▸ **WORKING DATA**
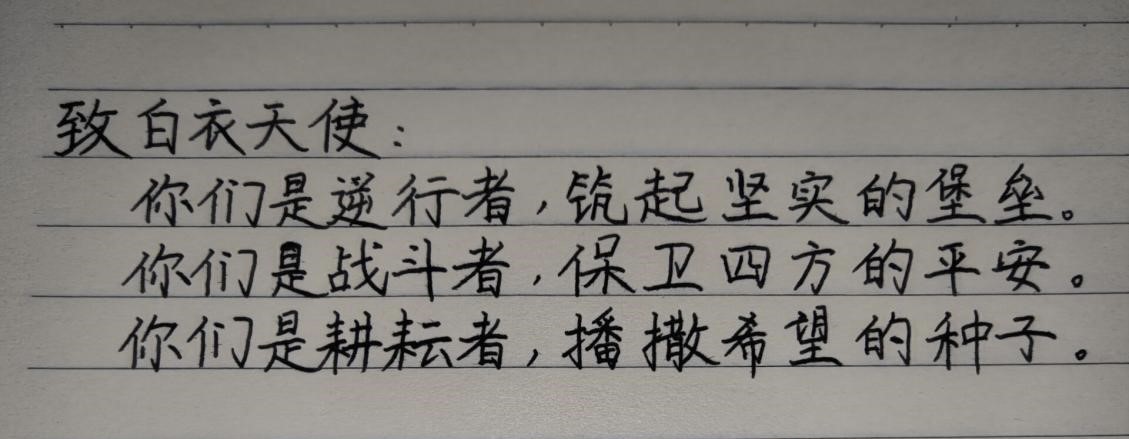 活动主题一是“爱你千万,纸短情长”。同学们通过网络知晓一批人在疫情的洪流下逆行而上,他们可能是医生,可能是军人,哪里危险,哪里需要他们,他们义务反顾。活动通过写下“三行情书”来对他们“告白”,传递积极向上正能量。
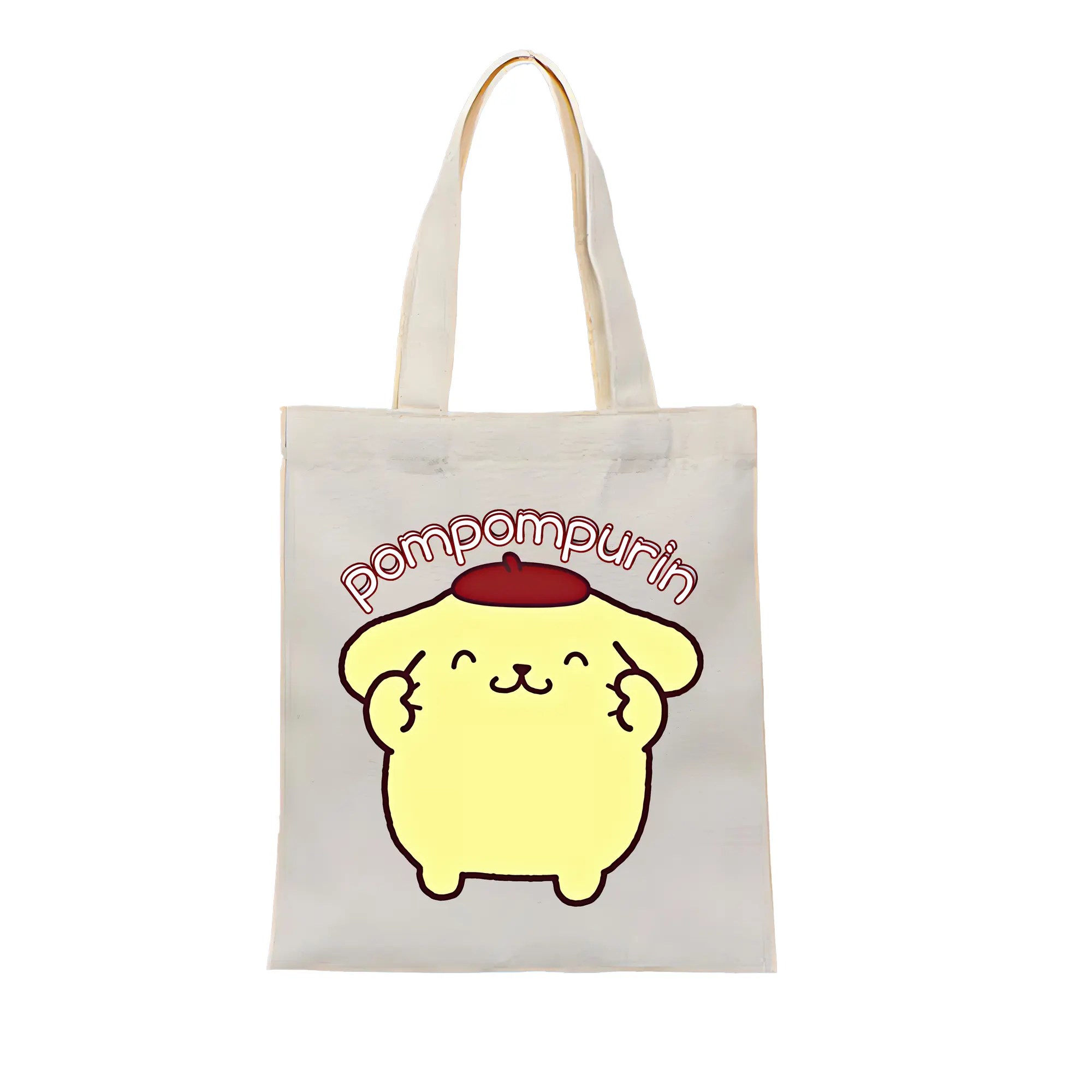 サンリオ グッズ,ポムポムプリン - 縦型キャンバス手提げバッグ(トートバッグ) ・ キャンバス素材 ・ ショッピング用 ・ 軽量 丈夫 お手入れ簡単
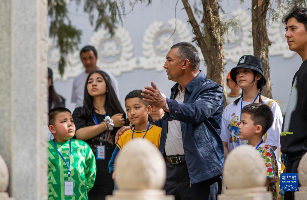 4月16日,在葉城烈士陵園,艾尼瓦爾·艾買(mǎi)爾(右四)為小朋友講述英雄事跡。
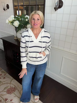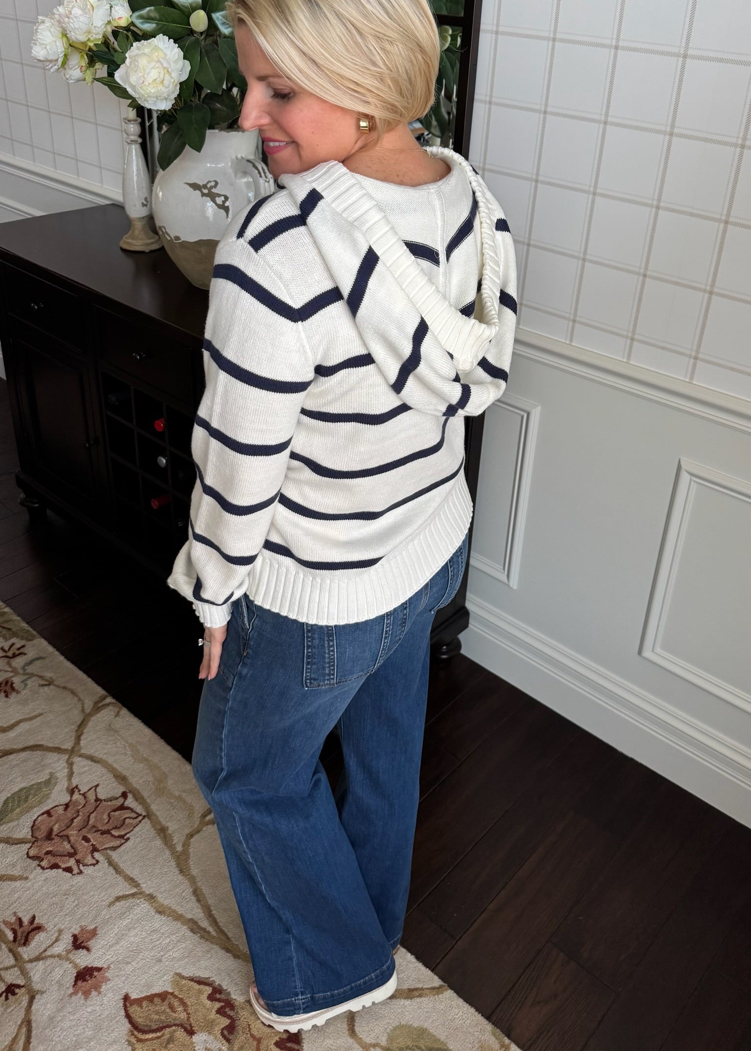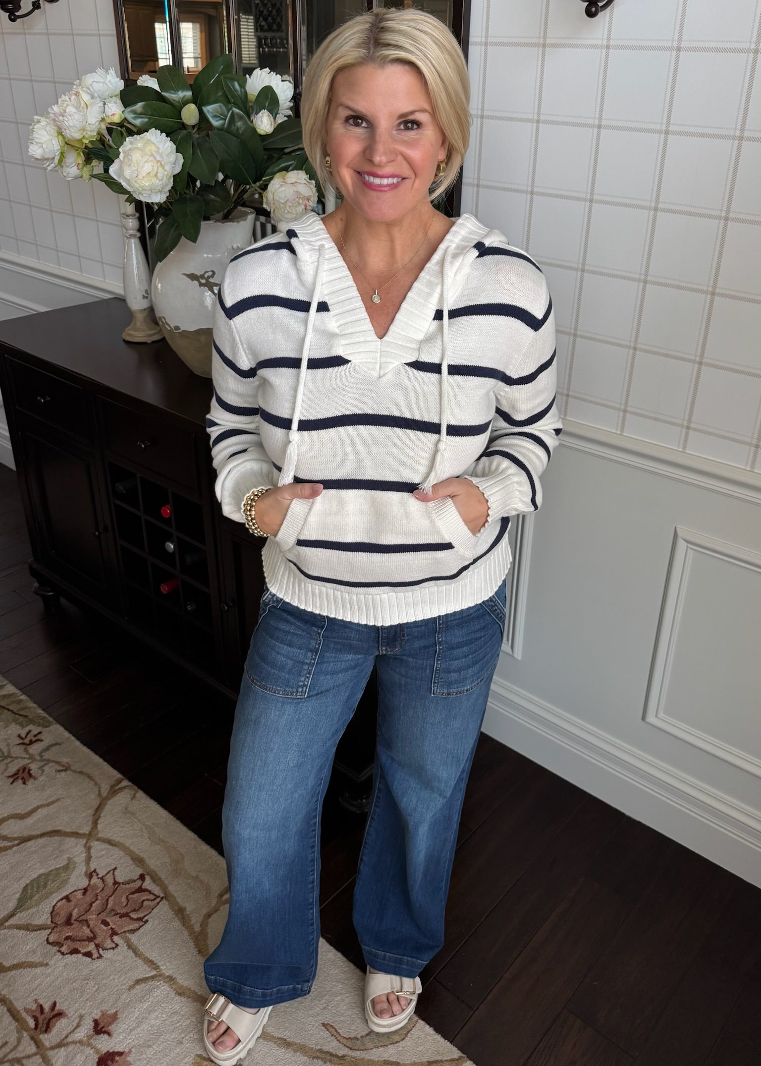 This ivory and navy striped v-neck hoodie is adorable! Love the tassels! Great with shorts on vacation.
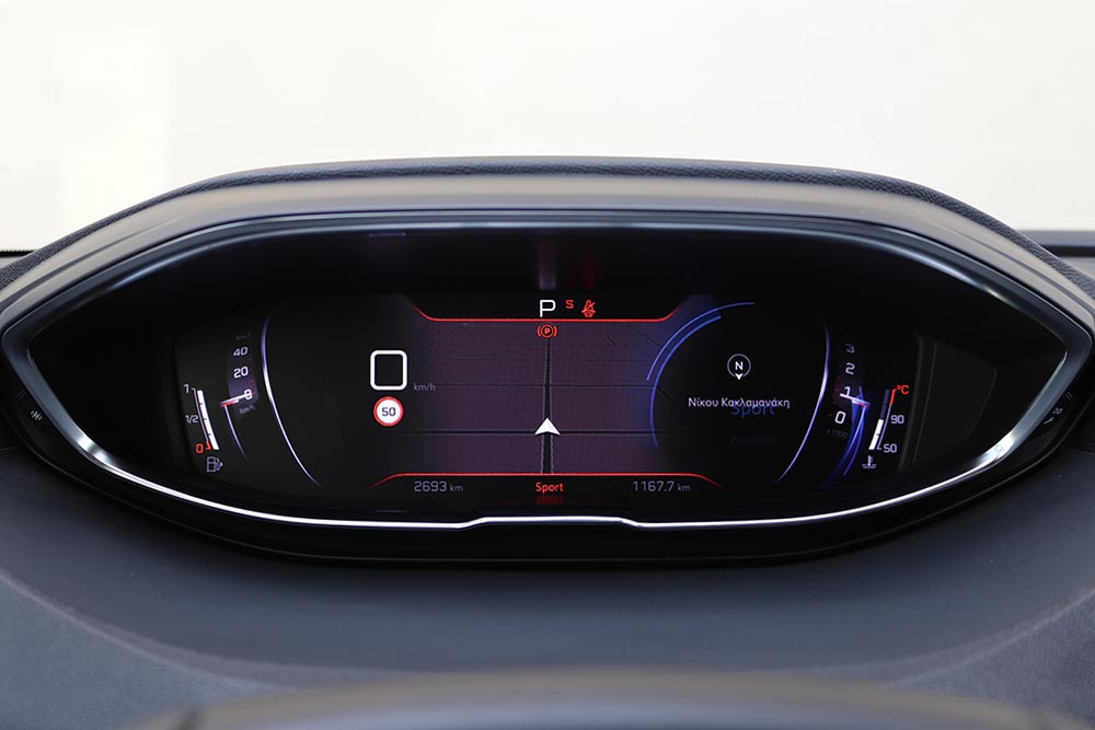 Επιπλέον στη διάθεση του οδηγού υπάρχουν και τρία διαφορετικά προγράμματα λειτουργίας, Eco, Normal και Sport. Το Eco εστιάζει στην οικονομία καυσίμου, ενώ επιλέγοντας το Sport, το 3008 αποκτά ένα ελαφρώς πιο σβέλτο χαρακτήρα. Ο πίνακας οργάνων κοκκινίζει, με την απόκριση του γκαζιού να είναι πιο άμεση και το τιμόνι να βαραίνει ελαφρώς. Βέβαια αλλάζει κι η συμπεριφορά του κιβωτίου, με τις αλλαγές να είναι πιο άμεσες, ενώ η εκάστοτε σχέση κρατάει λίγο πιο ψηλά τις στροφές του κινητήρα πριν περάσει στην επόμενη. Στον τομέα των επιδόσεων τώρα, τα 0-100 χλμ./ώρα έρχονται σε 9,7 δλ., με την τελική να αγγίζει τα 188 χλμ./ώρα. Η κατανάλωση κατά WLTP σύμφωνα με τη Peugeot βρίσκεται στα 6,5 λτ./100 χλμ., ενώ εμείς κατά τη δοκιμή μας είδαμε στο trip computer 7,8 λτ./100 χλμ. με τις εκπομπές ρύπων να βρίσκονται στα 146 γρ./χλμ. Δηλαδή ετήσια τέλη κυκλοφορίας 102 ευρώ.
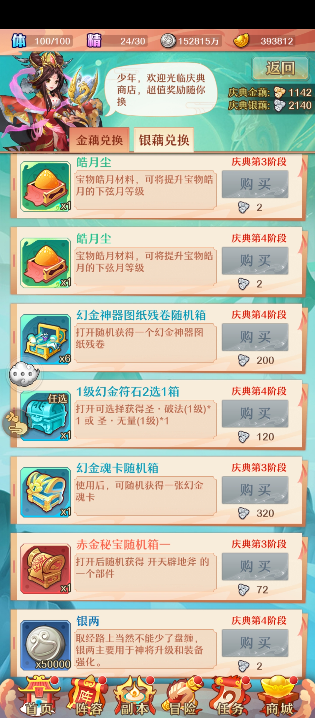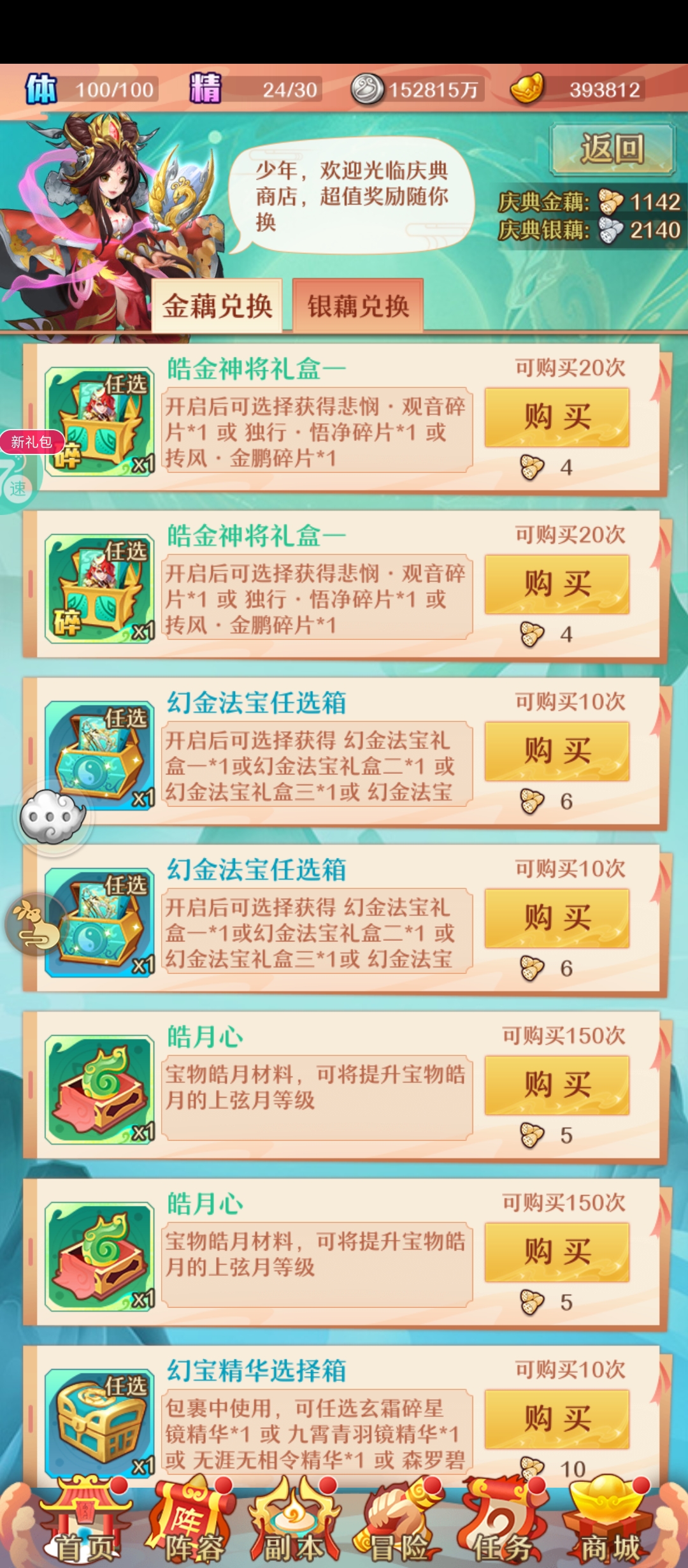 商店货物清单:皓金神将礼盒一*80、皓金法宝礼盒一*40、皓月心*600、幻宝精华选择箱*30、高级星格洗练石*140、幻金神器图纸残卷*12、1级幻金符石2选1箱*2、幻金魂卡随机箱*2、赤金秘宝随机箱一*2等。
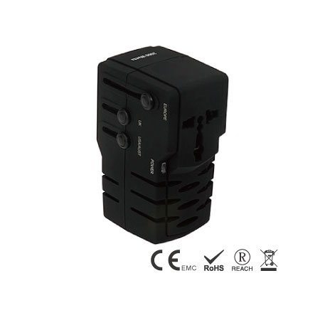 2000W電壓轉換器內建萬用插座及四種插頭,可將220-240V的市電轉換為100-120V電源使用,以適用於美式110V單電壓的可攜式設備。當美國人在歐洲旅行時,萬用旅行變壓器可適用高達2000W的可攜式設備,例如吹風機。選擇您需要的合適轉換插頭,僅需將變壓轉換器插入牆壁電源插座,即可使用26W至2000W的攜帶型電熱式設備。本產品具備精巧紮實的專利設計,是易於攜帶型的電壓轉換器。它也是旅行者必備的電壓轉換配件,工程設計具備過電流、過溫、短路及保險絲保護線路,以確保您的使用設備安全。
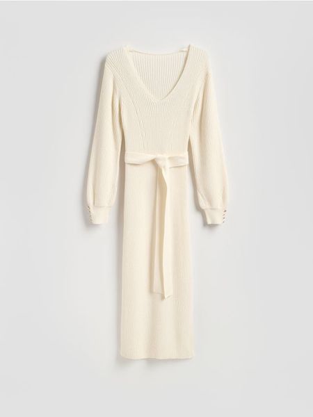 Sukienka z wełną – złamana biel
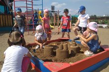 Для воспитанников подготовительной группы было организовано развлечение " Строим замки из песка". Ребята с удовольствием раскапывали ямки, насыпали холмики, рыли туннели, строили мостики, возводили крепости и украшали свои постройки.
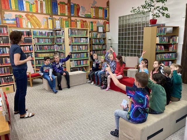 Březen - I. třída v knihovně v Hořicích

▸ **TASK REQUIREMENTS**
Output the listing exactly. Leave out any image.

▸ **EXPECTED ANSWER**
 活动主题一是“爱你千万,纸短情长”。同学们通过网络知晓一批人在疫情的洪流下逆行而上,他们可能是医生,可能是军人,哪里危险,哪里需要他们,他们义务反顾。活动通过写下“三行情书”来对他们“告白”,传递积极向上正能量。
 サンリオ グッズ,ポムポムプリン - 縦型キャンバス手提げバッグ(トートバッグ) ・ キャンバス素材 ・ ショッピング用 ・ 軽量 丈夫 お手入れ簡単
 4月16日,在葉城烈士陵園,艾尼瓦爾·艾買(mǎi)爾(右四)為小朋友講述英雄事跡。
 This ivory and navy striped v-neck hoodie is adorable! Love the tassels! Great with shorts on vacation.
 Επιπλέον στη διάθεση του οδηγού υπάρχουν και τρία διαφορετικά προγράμματα λειτουργίας, Eco, Normal και Sport. Το Eco εστιάζει στην οικονομία καυσίμου, ενώ επιλέγοντας το Sport, το 3008 αποκτά ένα ελαφρώς πιο σβέλτο χαρακτήρα. Ο πίνακας οργάνων κοκκινίζει, με την απόκριση του γκαζιού να είναι πιο άμεση και το τιμόνι να βαραίνει ελαφρώς. Βέβαια αλλάζει κι η συμπεριφορά του κιβωτίου, με τις αλλαγές να είναι πιο άμεσες, ενώ η εκάστοτε σχέση κρατάει λίγο πιο ψηλά τις στροφές του κινητήρα πριν περάσει στην επόμενη. Στον τομέα των επιδόσεων τώρα, τα 0-100 χλμ./ώρα έρχονται σε 9,7 δλ., με την τελική να αγγίζει τα 188 χλμ./ώρα. Η κατανάλωση κατά WLTP σύμφωνα με τη Peugeot βρίσκεται στα 6,5 λτ./100 χλμ., ενώ εμείς κατά τη δοκιμή μας είδαμε στο trip computer 7,8 λτ./100 χλμ. με τις εκπομπές ρύπων να βρίσκονται στα 146 γρ./χλμ. Δηλαδή ετήσια τέλη κυκλοφορίας 102 ευρώ.
 商店货物清单:皓金神将礼盒一*80、皓金法宝礼盒一*40、皓月心*600、幻宝精华选择箱*30、高级星格洗练石*140、幻金神器图纸残卷*12、1级幻金符石2选1箱*2、幻金魂卡随机箱*2、赤金秘宝随机箱一*2等。
 2000W電壓轉換器內建萬用插座及四種插頭,可將220-240V的市電轉換為100-120V電源使用,以適用於美式110V單電壓的可攜式設備。當美國人在歐洲旅行時,萬用旅行變壓器可適用高達2000W的可攜式設備,例如吹風機。選擇您需要的合適轉換插頭,僅需將變壓轉換器插入牆壁電源插座,即可使用26W至2000W的攜帶型電熱式設備。本產品具備精巧紮實的專利設計,是易於攜帶型的電壓轉換器。它也是旅行者必備的電壓轉換配件,工程設計具備過電流、過溫、短路及保險絲保護線路,以確保您的使用設備安全。
 Sukienka z wełną – złamana biel
 Для воспитанников подготовительной группы было организовано развлечение " Строим замки из песка". Ребята с удовольствием раскапывали ямки, насыпали холмики, рыли туннели, строили мостики, возводили крепости и украшали свои постройки.
 Březen - I. třída v knihovně v Hořicích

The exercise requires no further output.